Devise

Inspiration

The inspiration for this project came from a significant, largely overlooked challenge in AI: when a complex, multi-agent system fails, it's incredibly difficult to figure out who failed and when.

This process, called failure attribution, is crucial for debugging, but it's typically a manual task. It requires significant labor, deep domain expertise, and is very time-consuming.

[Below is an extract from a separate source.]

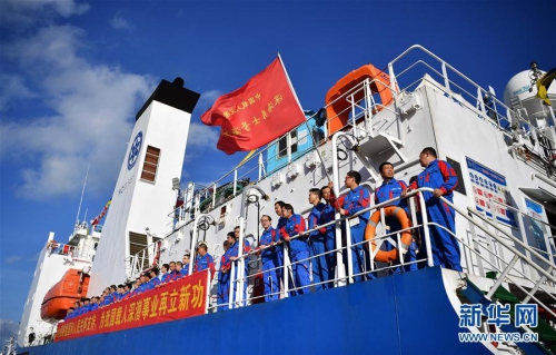 10月3日,“深海勇士”号载人深潜试验队队员在等待靠岸。新华社记者郭程摄

This project was inspired by the idea of solving this problem by harnessing the comprehensive judgment capabilities of LLMs. The goal was to create a system for automated failure attribution, bridging the substantial gap between evaluation results and failure attribution, which currently relies heavily on manual labor.

What it does

In this project, we focused on first developing an Agent using an "Inner monologue" producing a step-by-step trace of thoughts and actions. We then made a second agent, the Judge, which uses this trace to find actions or thoughts that relates to a user-given query the most about the Agent's output and function. For example, the user may ask the Agent "I'm organising a party for the 19th of November. I expect 50 people will come." Then, the Agent will book a room following those requirements outputting it's conclusion.

The Judge, is then asked about the Agent's output. For example, the Agent's programmer may ask "Has the AI considered whether food is allowed?"

The purpose of the Judge is to look through the trace of the Agent and see whether the Agent considered the room rules. For example, the Judge could highlight the part of the trace where the Agent called check_room_rules, saw that it mentioned "no food allowed" and still booked the room! The programmer could then use this to possibly add a tool or change the system prompt, etc.

Naturally, to allow for more error detection and output explanation, the Agent is not very good at it's job and not many tools have been coded for it. The focus of this project is the traceability of the Agent and the fault detection abilities of the Judge.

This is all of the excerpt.